Tomago's owner, Rio Tinto, has issued a stark warning that the smelter's future is at stake. The company's statement highlights the significant increase in the cost of both coal-fired and renewable energy options from January 2029, which would render the smelter unviable. This scenario poses a dire threat to the livelihoods of 1,000 workers and the nation's largest aluminium smelter.
In response, the Labor government has pledged to find a solution, engaging in negotiations with Rio Tinto, the New South Wales government, and unions. One potential solution involves a deal with Snowy Hydro, a government-owned entity, to provide clean energy at competitive prices. Another proposal suggests the government becoming a 'middle-man' in the market, signing long-term supply contracts with renewable energy developers, and reselling the energy to heavy industrial users like Tomago at a stable price.
This plan, supported by Oliver Yates, former CEO of the Clean Energy Finance Corporation, aims to reduce risks for renewable energy developers and ensure a stable buyer for their energy production. However, Australia's current renewable energy trajectory is concerning, with the government's target of 82% renewables by 2030 facing obstacles like community opposition, rising costs, and approval delays. The Clean Energy Council's report reveals a lack of new wind farm commitments in 2025.

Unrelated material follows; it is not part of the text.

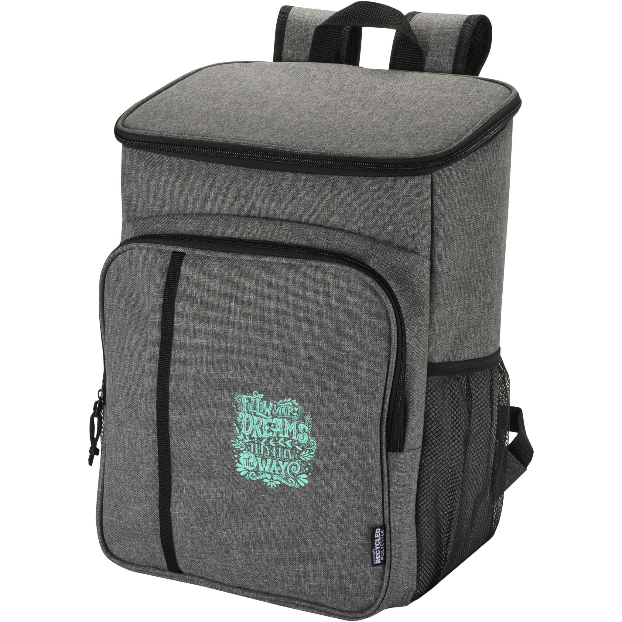 Tundra piknik-kylmäreppu on valmistettu GRS-sertifioiduista kierrätysmateriaaleista, ja sen mukana tulee uudelleenkäytettävä elintarvikelaatuisesta muovista valmistettu kahden hengen aterinsetti. Vuotamaton päälokero, joka on eristetty tiheällä vaahtomuovilla ja jossa on lämpösaumattu PEVA-vuori, pitää ruoan ja juomat kylminä tuntikausia. Lisämukavuutta varten repussa on kaksi sivuverkkotaskua, vetoketjullinen etutasku aterimille (kaksi veistä, kaksi haarukkaa, kaksi kuppia ja kaksi lautasta) sekä ylimääräinen vetoketjullinen tasku päällä. Pehmustetut, säädettävät olkahihnat ja tukeva kantokahva. Ihanteellinen reppu piknikille, ulkona syömiseen, retkeilyyn tai rannalle. Tilavuus: 20 litraa.
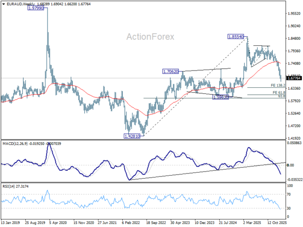 In the bigger picture, fall from 1.8554 medium term top is seen as reversing the whole up trend from 1.4281 (2022 low). Deeper decline should be seen to 61.8% retracement of 1.4281 to 1.8554 at 1.5913, which is slightly below 1.5963 structural support. For now, risk will stay on the downside as long as 1.7245 support turned resistance holds, even in case of strong rebound.

Yates argues that this intervention is not just about saving one smelter but about securing cheaper, cleaner, and more reliable power for NSW industries, fostering job creation, and boosting state revenue. He believes this model can be applied to various sectors, emphasizing the long-term benefits of clean energy.
The government's proposed intervention signals a shift towards a more sustainable energy market, moving away from taxpayer-funded bailouts. Since January, the federal government has invested $2.4 billion in the Whyalla steelworks, $600 million in Queensland for Glencore's copper smelter, and $135 million in South Australia and Tasmania for Nyrstar's zinc and lead smelters. Tomago, being Australia's largest single energy user, is particularly vulnerable to rising power prices, which account for 40% of its costs.
The potential closure of Tomago highlights the challenges of the clean energy transition and its potential impact on the government's 'Future Made in Australia' agenda. Prime Minister Anthony Albanese's visit to the smelter in January, where he announced production credits for green aluminium, underscores the importance of this industry in the nation's future.
As negotiations continue, sources close to the discussions express optimism about the smelter's future, a stark contrast to the dire predictions made in October. The government's intervention is a crucial step towards a more sustainable and resilient energy sector, but it also raises questions about the balance between short-term bailouts and long-term market stability.